What deer mice can tell us about high-elevation pregnancies and fetal growth

Biologist Kate Wilsterman is amazed by pregnancy. This essential mammalian life process is both complicated and dynamic: In addition to creating the next generation, pregnancy requires changes in nearly every organ of the gestational parent; dramatic changes in physiology; and perhaps most impressively, the growth of an entire organ (the placenta) using cells from two different individuals.

That's why Wilsterman, assistant professor in the Department of Biology at Colorado State University, wants to understand how the physiology of pregnancy has evolved and diversified across mammals. In particular, she's interested in species' adaptive strategies for dealing with the effects of high elevations, where oxygen is less abundant. For mammals, including humans that gestate at high elevations, a fetus may be deprived of an adequate supply of oxygen, which is called gestational hypoxia. Gestational hypoxia in humans is linked to low birth weight and birth defects.

In new research published in Proceedings of the National Academy of Sciences, Wilsterman and colleagues show that mammals' ability to support fetal growth is significantly affected by decreased oxygen at high elevations. At the same time, species that have adapted to living at high elevations have differences in their genes that protect against the effects of hypoxia. This adaptation has been observed among some human populations, such as people of Tibetan or Andean ancestry, in which mothers carry added placental protections against the effects of hypoxia on their fetuses.

According to this new research, it turns out humans' distant mammalian cousins, deer mice, are a good model for studying evolutionary adaptations that offset the effects of hypoxia on fetal and placental development across all mammal species, including humans.

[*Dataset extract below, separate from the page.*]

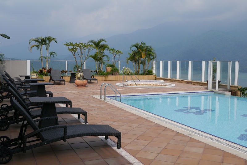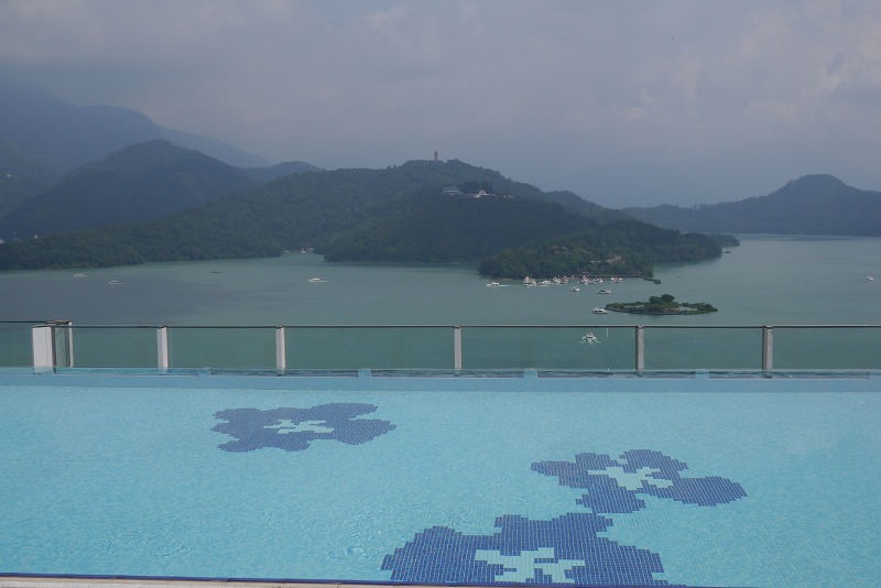 泳池與日月潭水連成一線,美呆了~~如果可以來這兒住上一晚,就可以好好的在這裡享受一番了。

Wilsterman's experiments were conducted in collaboration with Zachary Cheviron and Jeff Good at the University of Montana, while Wilsterman was a postdoctoral researcher at their institution. She joined the CSU faculty in 2022.

Highland and lowland mice

The researchers studied different populations of field mice that live at both high and low elevations. They found that lowland mice suffered stunted fetal growth when exposed to hypoxia, but highland mice were able to prevent the effects of hypoxia on fetal growth by altering their placentas. The study by Wilsterman and co-authors also uncovered genetic changes that were associated with this adaptive strategy.

Evolutionary adaptation to high elevations is well studied in both humans and deer mice, but historically that work has been largely focused on cardiovascular effects, i.e., things related to exercise, Wilsterman explained. The PNAS study is a first insight into gestational adaptations in mice.

"Our results suggest that these reproductive changes are an important part of how mammals must adapt to high elevations over evolutionary timescales," she said. "These findings thus highlight an underappreciated set of physiological processes that are involved."

According to Wilsterman, there are deeply conserved processes that contribute to placental development across mammals, and the deer mice they used in their study share some of these gene networks and developmental processes with humans.

"We hope that by understanding placental responses to hypoxia and the developmental effects on fetal growth in deer mice, we can also improve our understanding of human biology," she said. "Specifically, if we can understand how deer mice have 'solved' the problem of hypoxia for fetal growth, we may eventually be able to identify targets for treatment development in humans or be in a better position to identify where things are going wrong in gestational diseases that involve hypoxia."

Wilsterman's team at CSU will continue their line of inquiry into hypoxia adaptations by drilling down into the cell types that are driving the tissue-level changes they saw. They also hope to identify the genetic variants that contribute to how specific placental cell types respond to hypoxia.